Bad cat :twisted: lol


----------



## Bean (Mar 10, 2003)

Merry Christmas from Moby and me!

This is the only picture I could get - in the moment while he was contemplating how to kill me. He LOOKS calm...


----------



## Aonir (Aug 18, 2003)

Those are great!


----------



## Zalensia (Aug 25, 2003)

LOL the first one im expecting.

the 2nd one..... well thats one p$%*£d off cat! lol ive never seen such a grumpy face, thats defintaly a "you're dead" look.


----------



## Padunk (Oct 20, 2003)

wow that's great!

My girlfriend wanted to get something like that for Punky but I vetoed it, lol.


----------



## Heather102180 (Nov 19, 2003)

It's funny how our cats do things to make us mad but we HAVE to get that pic of them doing it. Funny pics.


----------



## kitkat (Sep 22, 2003)

Yup I can see Sugar doing this when our little tree goes up. And Moby does look a bit flushed and mad but he still says Merry Christmas! :wink:


----------



## Lilly (Nov 8, 2003)

Those are both great!

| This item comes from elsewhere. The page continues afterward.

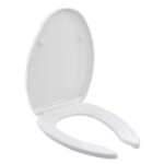 Modelo de asiento elongado con un perfil más fino y elegante. Hecho de plástico termoestable color blanco, mide alrededor de 45 × 36 cm. Cuenta con acabado brillante y ajuste universal para tazas alargadas, pensado para quienes buscan estética y funcionalidad.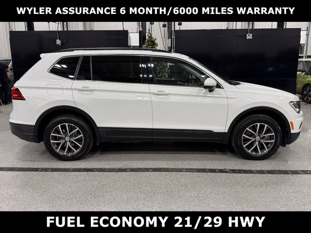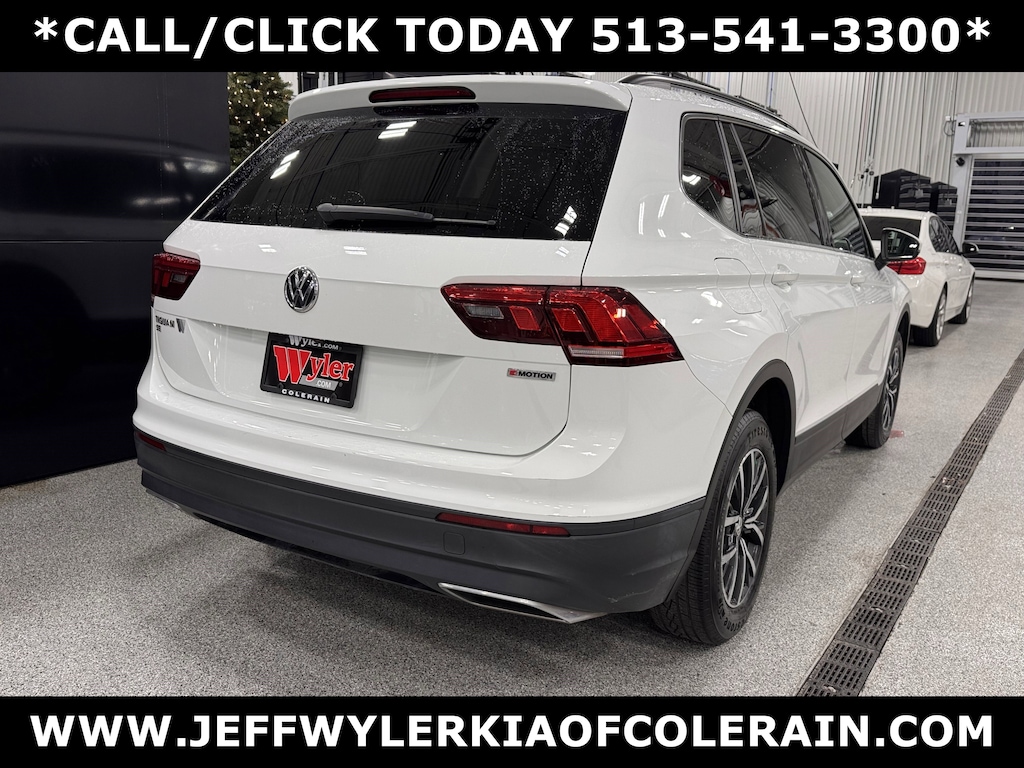 Jeff Wyler Kia of Colerain is honored to offer this great-looking 2019 Volkswagen Tiguan 2.0T SE in Pure White. 3.33 Axle Ratio, 4-Wheel Disc Brakes, 4-Wheel Independent Suspension, 6 Speakers, ABS brakes, Air Conditioning, Alloy wheels, AM/FM radio: SiriusXM, Automatic temperature control, Brake assist, Bumpers: body-color, Compass, Delay-off headlights, Driver door bin, Driver vanity mirror, Dual front impact airbags, Dual front side impact airbags, Electronic Stability Control, Exterior Parking Camera Rear, Forward collision: FCW w/Autonomous Emergency Braking mitigation, Four wheel independent suspension, Front anti-roll bar, Front Bucket Seats, Front Center Armrest, Front dual zone A/C, Front reading lights, Fully automatic headlights, Heated door mirrors, Heated Front Comfort Seats, Heated front seats, Illuminated entry, Leather Shift Knob, Low tire pressure warning, Occupant sensing airbag, Outside temperature display, Overhead airbag, Overhead console, Panic alarm, Passenger door bin, Passenger vanity mirror, Perforated V-Tex Leatherette Seating Surfaces, Power door mirrors, Power driver seat, Power steering, Power windows, Radio data system, Radio: Composition Media AM/FM/HD, Rear anti-roll bar, Rear reading lights, Rear seat center armrest, Rear window defroster, Rear window wiper, Remote CD player, Remote keyless entry, Roof rack: rails only, Security system, Speed control, Speed-sensing steering, Split folding rear seat, Spoiler, Steering wheel mounted audio controls, Tachometer, Telescoping steering wheel, Tilt steering wheel, Traction control, Trip computer, Turn signal indicator mirrors, Variably intermittent wipers, and Wheels: 17" Wide Multi-Spoke 2-Tone Alloy Our PRE-OWNED vehicles are put through a rigorous 167- POINT QUALITY ASSURANCE INSPECTION along with an average amount of over $1,400.00 SPENT to recondition each vehicle so we can be sure to deliver you the highest quality vehicle like you deserve! ***ONLINE PRICE DOES NOT INCLUDE WYLER FAMILY FIRST PACKAGE***

I love Moby in the reindeer ears, how adorable.


----------



## kristi (Sep 19, 2003)

Wow, love the tree pic.

But poor Moby.... :lol:


----------



## Richo (Jul 4, 2003)

Very cute pictures!


----------



## maymariya (Sep 27, 2003)

Bean, you better watch out or Santa's gonna mistake Moby for Comet or Blitzen and the next thing you know, your poor cat will have to ride that jolly old fat guy around the world! :lol:


----------